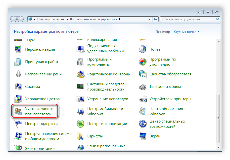 Если вдруг вид значков у вас не как на моем примере ниже, то просто введите в поисковую строку вверху «учетные записи» и откройте найденную категорию.
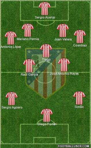 Diego Forlán · Sergio Agüero · Simão · Raúl García · José Antonio Reyes · Tiago · Antonio López · Coentrao · Juan Valera · Mariano Pernía · Sergio AsenjoJ'espere avoir cette équipe sur 3 saisons maxi
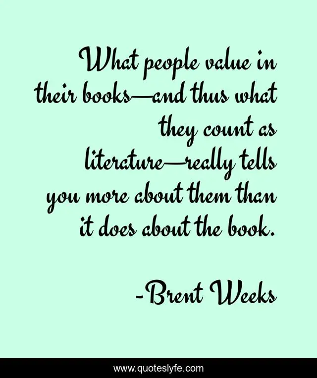 This page presents the quote "What people value in their books—and thus what they count as literature—really tells you more about them than it does about the book.". Author of this quote is Brent Weeks. This quote is about literature, snobbery,.

→ TASK TO COMPLETE: Exactly repeat every line from the line that includes "Diego Forlán ·" to the end of the listing, and nothing else, leaving pictures out.

→ TASK ANSWER:
 Diego Forlán · Sergio Agüero · Simão · Raúl García · José Antonio Reyes · Tiago · Antonio López · Coentrao · Juan Valera · Mariano Pernía · Sergio AsenjoJ'espere avoir cette équipe sur 3 saisons maxi
 This page presents the quote "What people value in their books—and thus what they count as literature—really tells you more about them than it does about the book.". Author of this quote is Brent Weeks. This quote is about literature, snobbery,.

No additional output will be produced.